____ MATERIAL PROVIDED

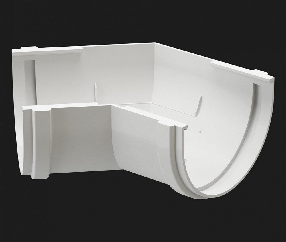 Угловые элементы устанавливаются как на внешних, так и на внутренних углах кровли и предназначены для соединения желобов.
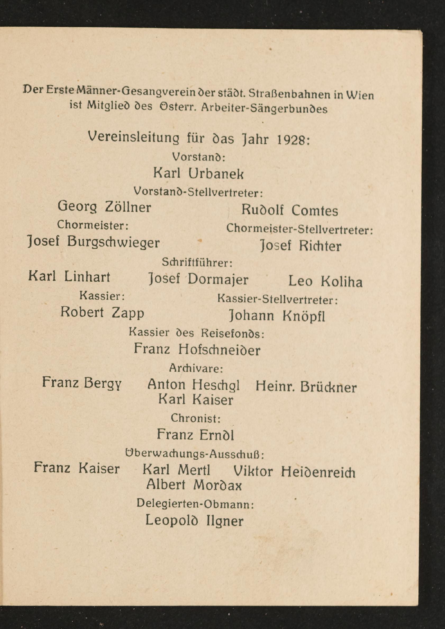 | Beschreibung | Jahresbericht des ersten Männer-Gesangsvereines der städtischen Straßenbahnen in Wien über das 26. Vereinsjahr 1928 |
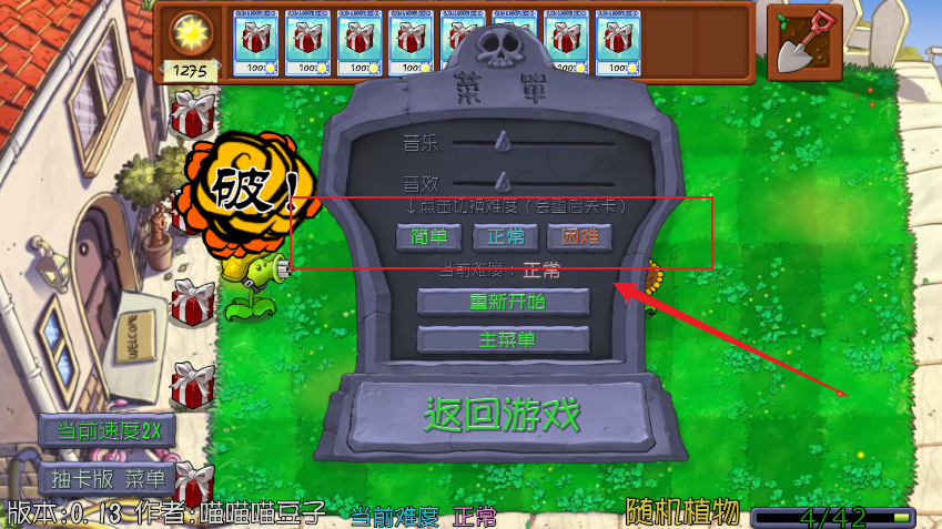 6、若遭遇瓶颈,长按右上角菜单键即可调出动态难度调节面板,实时调整僵尸血量、刷新频率或植物冷却,让挑战始终贴合当前成长阶段。

________

> **TASK OBJECTIVE**
Write out the material above precisely, leaving each picture behind.

> **ANSWER BOX**
 Угловые элементы устанавливаются как на внешних, так и на внутренних углах кровли и предназначены для соединения желобов.
 | Beschreibung | Jahresbericht des ersten Männer-Gesangsvereines der städtischen Straßenbahnen in Wien über das 26. Vereinsjahr 1928 |
 6、若遭遇瓶颈,长按右上角菜单键即可调出动态难度调节面板,实时调整僵尸血量、刷新频率或植物冷却,让挑战始终贴合当前成长阶段。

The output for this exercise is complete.